*** Supplied material ***
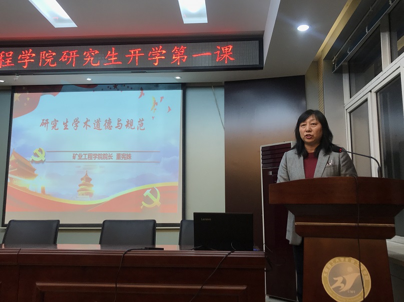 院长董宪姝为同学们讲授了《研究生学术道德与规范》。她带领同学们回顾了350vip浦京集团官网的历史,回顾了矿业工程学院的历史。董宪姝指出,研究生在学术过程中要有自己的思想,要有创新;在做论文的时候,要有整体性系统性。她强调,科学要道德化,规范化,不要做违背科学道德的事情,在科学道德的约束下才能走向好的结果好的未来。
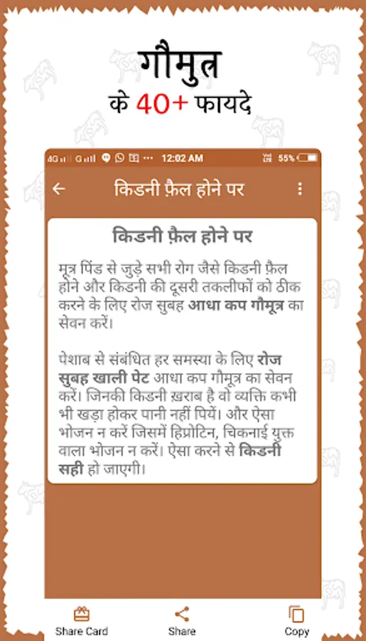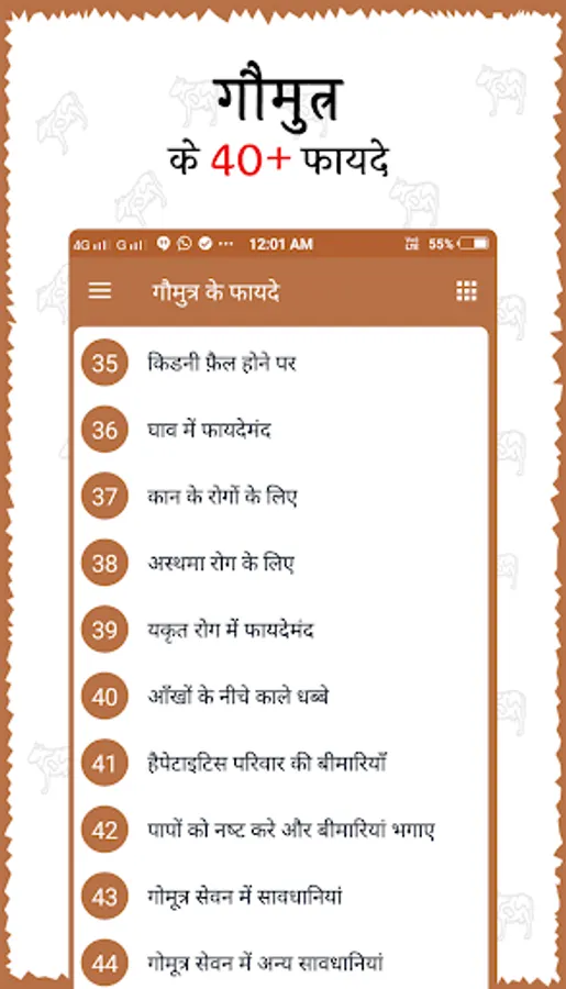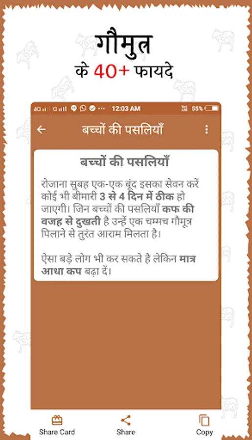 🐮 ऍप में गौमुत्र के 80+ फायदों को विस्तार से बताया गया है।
***
*** Supplied material ***
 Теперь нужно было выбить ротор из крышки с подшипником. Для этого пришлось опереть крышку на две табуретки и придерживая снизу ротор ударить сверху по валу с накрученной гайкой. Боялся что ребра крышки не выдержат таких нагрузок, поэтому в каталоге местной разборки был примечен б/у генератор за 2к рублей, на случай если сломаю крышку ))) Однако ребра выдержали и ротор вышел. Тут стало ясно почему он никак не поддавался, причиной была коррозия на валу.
***
*** Supplied material ***
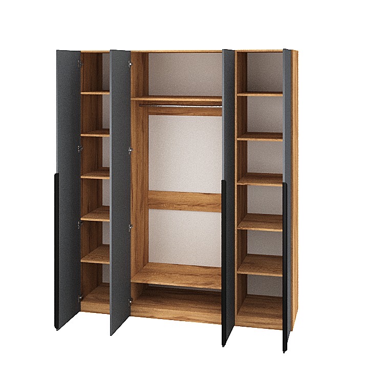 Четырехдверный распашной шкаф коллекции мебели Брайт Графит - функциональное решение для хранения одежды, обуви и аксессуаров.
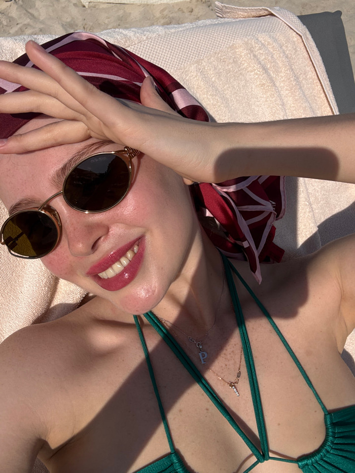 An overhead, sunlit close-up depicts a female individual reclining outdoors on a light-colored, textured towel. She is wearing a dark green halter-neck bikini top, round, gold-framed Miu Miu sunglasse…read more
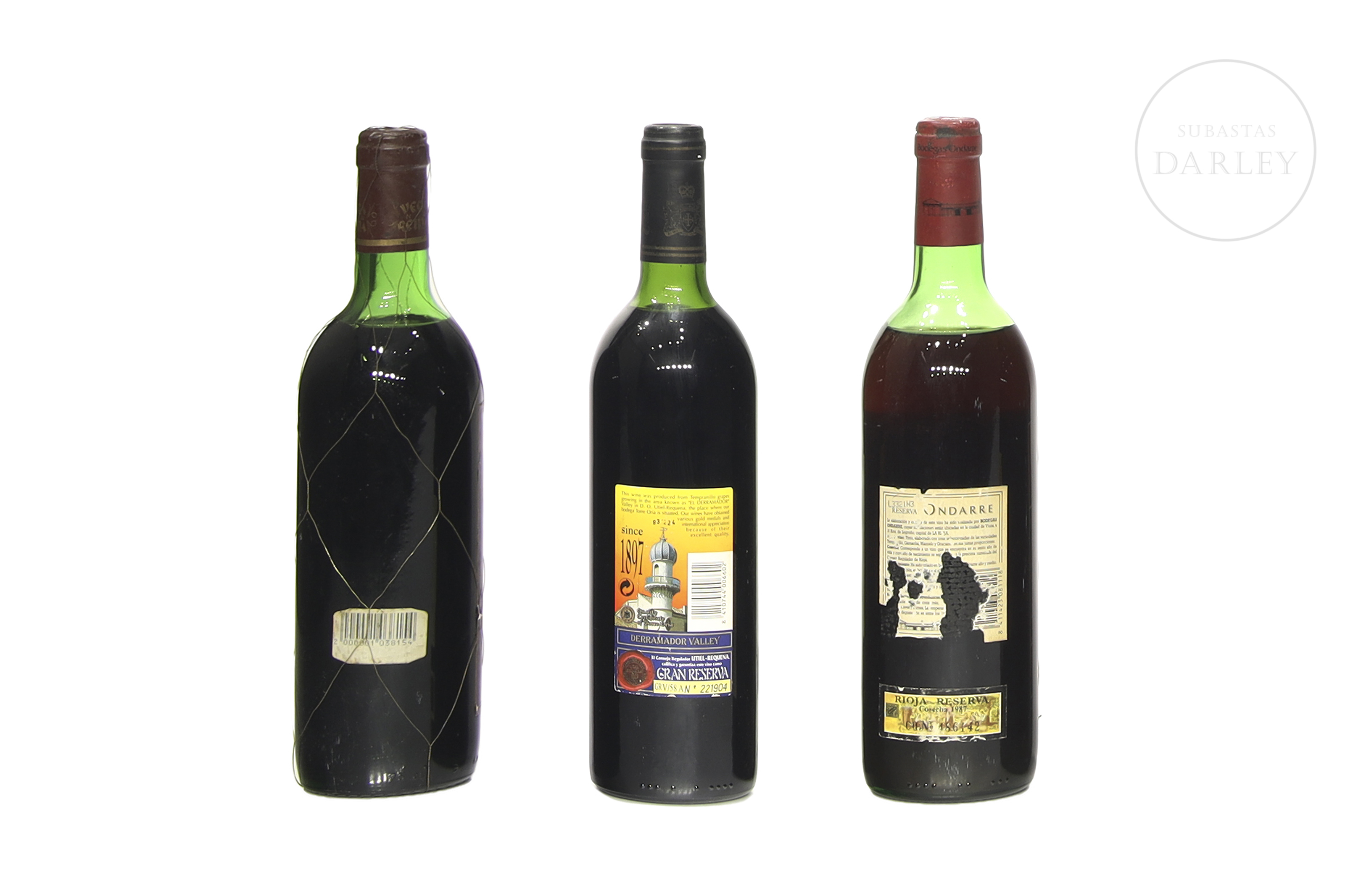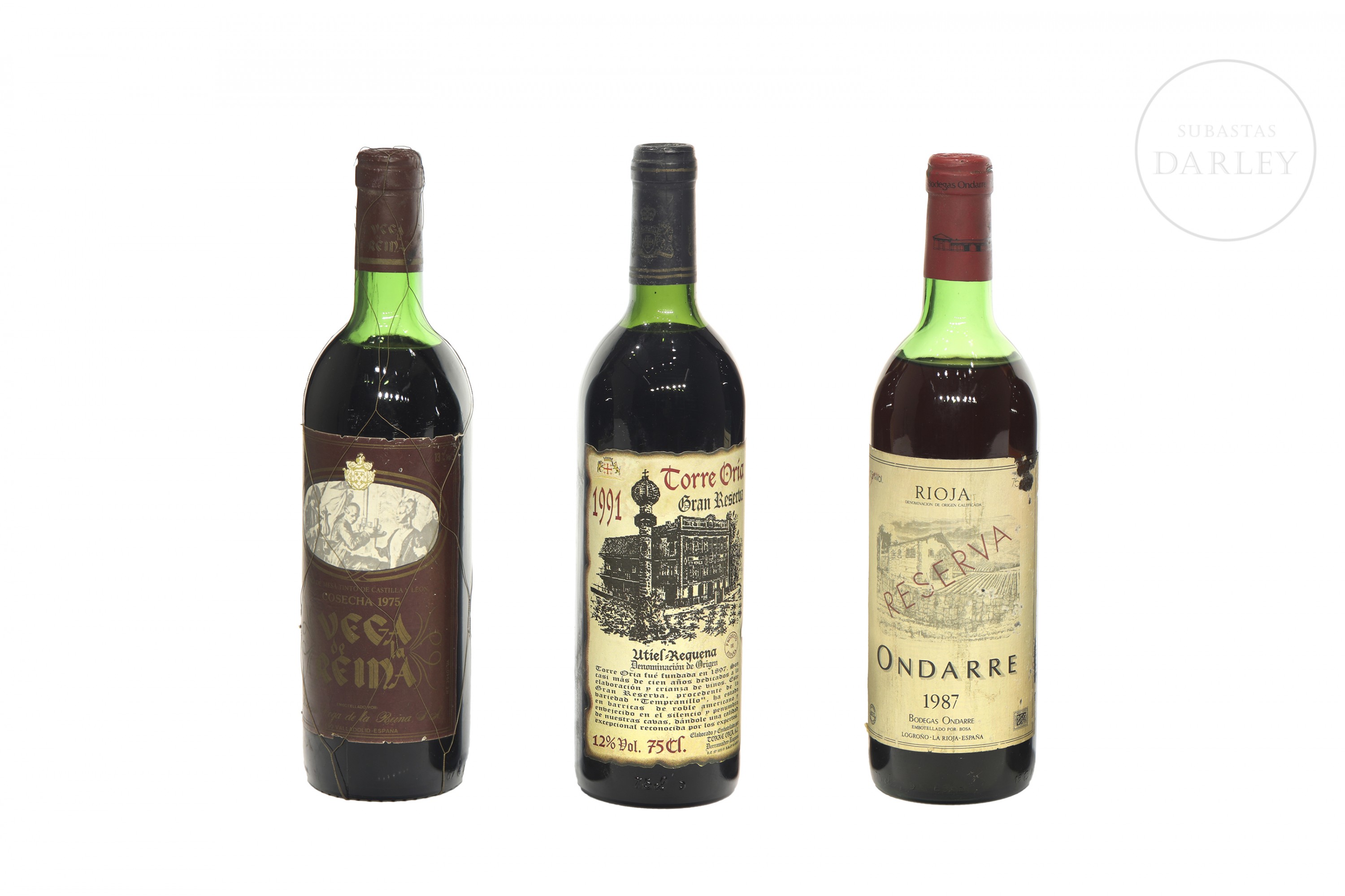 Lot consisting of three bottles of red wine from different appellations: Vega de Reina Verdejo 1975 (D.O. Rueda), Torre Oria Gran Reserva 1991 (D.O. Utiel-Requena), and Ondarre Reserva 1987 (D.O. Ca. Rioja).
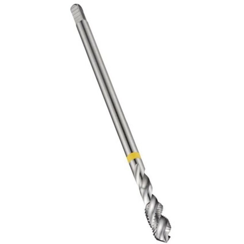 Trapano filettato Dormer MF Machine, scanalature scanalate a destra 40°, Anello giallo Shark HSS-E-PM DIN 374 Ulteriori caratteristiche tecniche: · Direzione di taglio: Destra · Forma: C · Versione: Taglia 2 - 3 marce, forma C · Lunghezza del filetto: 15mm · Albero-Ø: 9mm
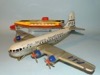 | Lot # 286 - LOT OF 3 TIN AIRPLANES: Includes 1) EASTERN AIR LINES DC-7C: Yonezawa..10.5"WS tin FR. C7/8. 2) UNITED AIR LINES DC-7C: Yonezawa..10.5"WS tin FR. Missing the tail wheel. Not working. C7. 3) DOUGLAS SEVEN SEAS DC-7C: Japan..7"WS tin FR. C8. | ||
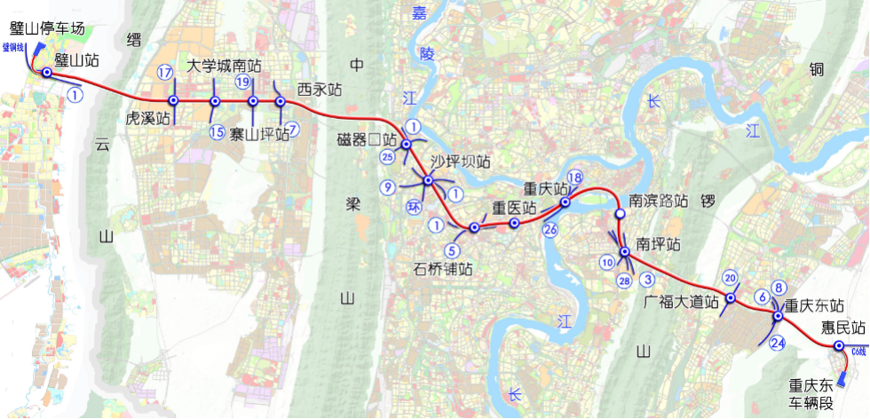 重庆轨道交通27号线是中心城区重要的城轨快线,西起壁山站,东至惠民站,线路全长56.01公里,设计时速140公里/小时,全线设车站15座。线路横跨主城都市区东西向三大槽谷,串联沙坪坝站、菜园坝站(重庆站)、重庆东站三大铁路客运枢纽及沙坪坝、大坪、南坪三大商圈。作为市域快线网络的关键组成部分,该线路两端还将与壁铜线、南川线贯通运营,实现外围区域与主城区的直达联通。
***
Since the pictures are not part of the copy, please transcribe only the lines above from the one with "院长董宪姝为同学们讲授了《研" through the one with "बताया गया है।", exactly and with both ends.

 院长董宪姝为同学们讲授了《研究生学术道德与规范》。她带领同学们回顾了350vip浦京集团官网的历史,回顾了矿业工程学院的历史。董宪姝指出,研究生在学术过程中要有自己的思想,要有创新;在做论文的时候,要有整体性系统性。她强调,科学要道德化,规范化,不要做违背科学道德的事情,在科学道德的约束下才能走向好的结果好的未来。
 🐮 ऍप में गौमुत्र के 80+ फायदों को विस्तार से बताया गया है।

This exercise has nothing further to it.